I've sketched out how generic copy-on-read can work.  It's probably
not much extra effort since we need request tracking and the ability
to queue/hold requests anyway.

I hope to have patches implementing this by the end of the week:

1. When CoR is enabled, overlapping requests get queued so that only
one is actually being issued to the host at a time.  This prevents
race conditions where a guest write request is clobbered by a
copy-on-read.  Note that only overlapping requests are queued,
non-overlapping requests proceed in parallel.

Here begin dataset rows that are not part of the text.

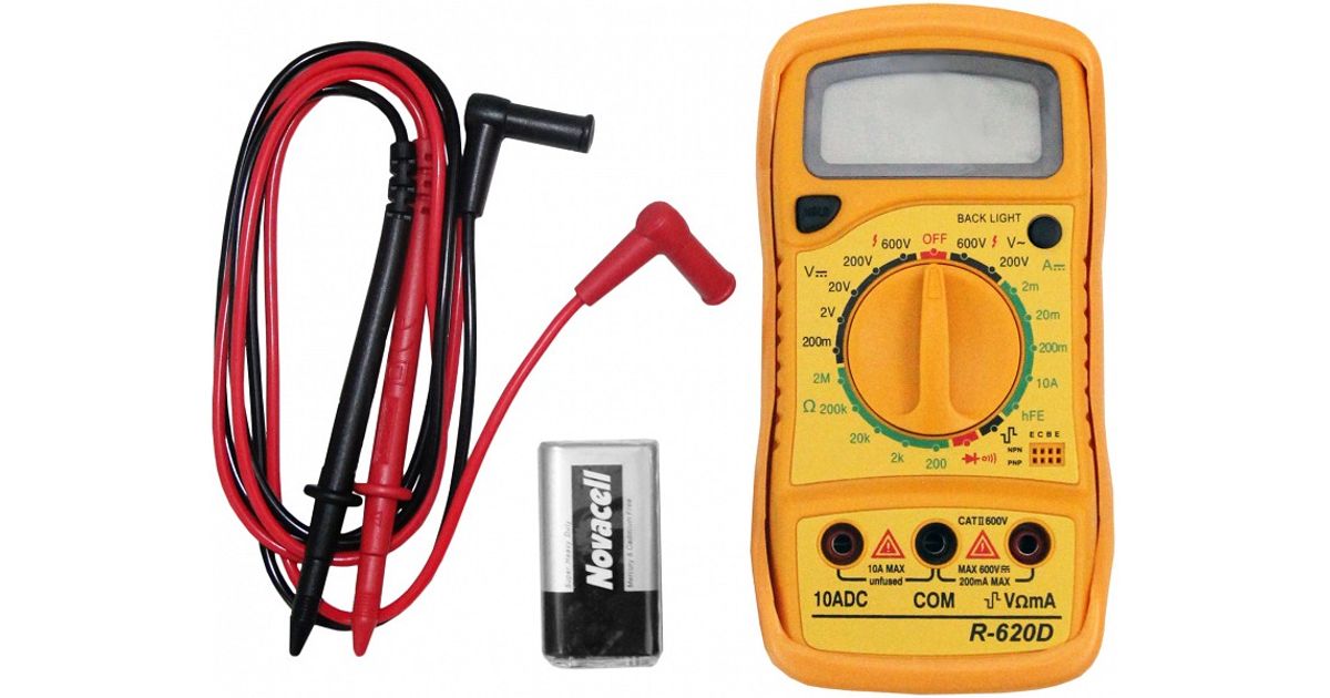 Kummikattega. ümarate nurkadega plastkorpus - ergonoomiline käes hoida. Põrutuskindel. Helisignaal. ”Memory” näidumälu fikseerimise nupp. Kõik skaalad kaitstud st puudub ”läbipõletamise” oht! ”Over range” funktsioon kui skaala mõõteulatus on liiga väike või suur (1 või -1). Pöördlülitil paremaks visualiseerimiseks värviskaala.Tehniline info:DC alalispinge 200 mV-600 VAC vahelduvpinge 20 V-600 VDC alalisvool 200 mA-10 AΩ takistus 200-20M ΩDiooditestTransistori test hFE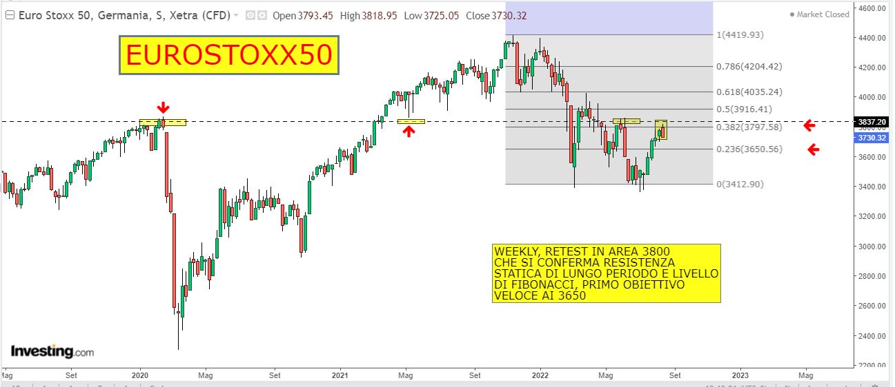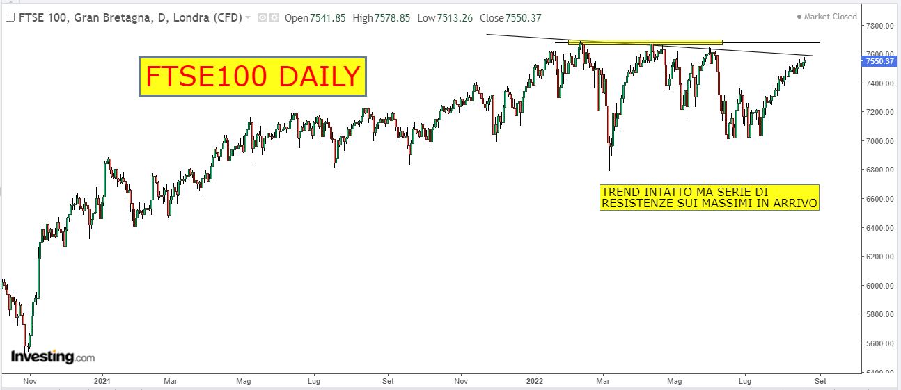 Questo offre una situazione grafica degli indici pressoché uguale per molti di essi e lascia presagire uno storno alle porte, non è semplice decifrare se sarà una presa di beneficio breve o se lo spauracchio della recessione avrà la meglio e riporterà le Borse sotto i recenti minimi.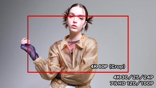 クロップで4K60Pまで対応。編集でスローモーション効果をつけるなど、映像表現の幅を広げるハイスペックな記録を可能にしています。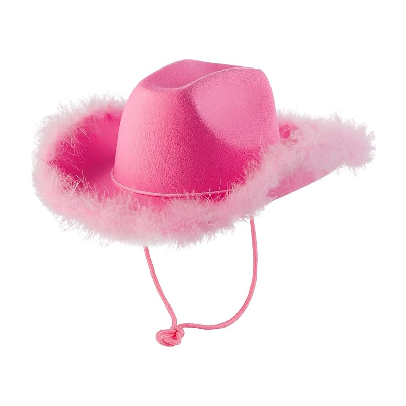 Gorro Cowboy Cowgirl Vaquero Rosa con Plumas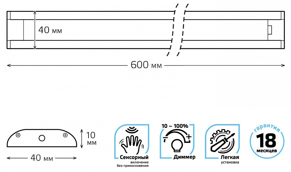 плавное диммирование: 10%-100%, максимальная длина модульной системы не должна превышать 2 метра или совокупность мощность системы 36 Вт |

2. The read operation uses bdrv_is_allocated() first to see whether a
copy-on-read needs to be performed or if we can go down the fast path.
 The fast path is the normal read straight into the guest buffer.  The
copy-on-read path reads into a bounce buffer, writes into the image
file, and then copies the bounce buffer into the guest buffer.

3. The .bdrv_is_allocated() implementations will be audited and
improved to make them aio/coroutine-friendly where necessary.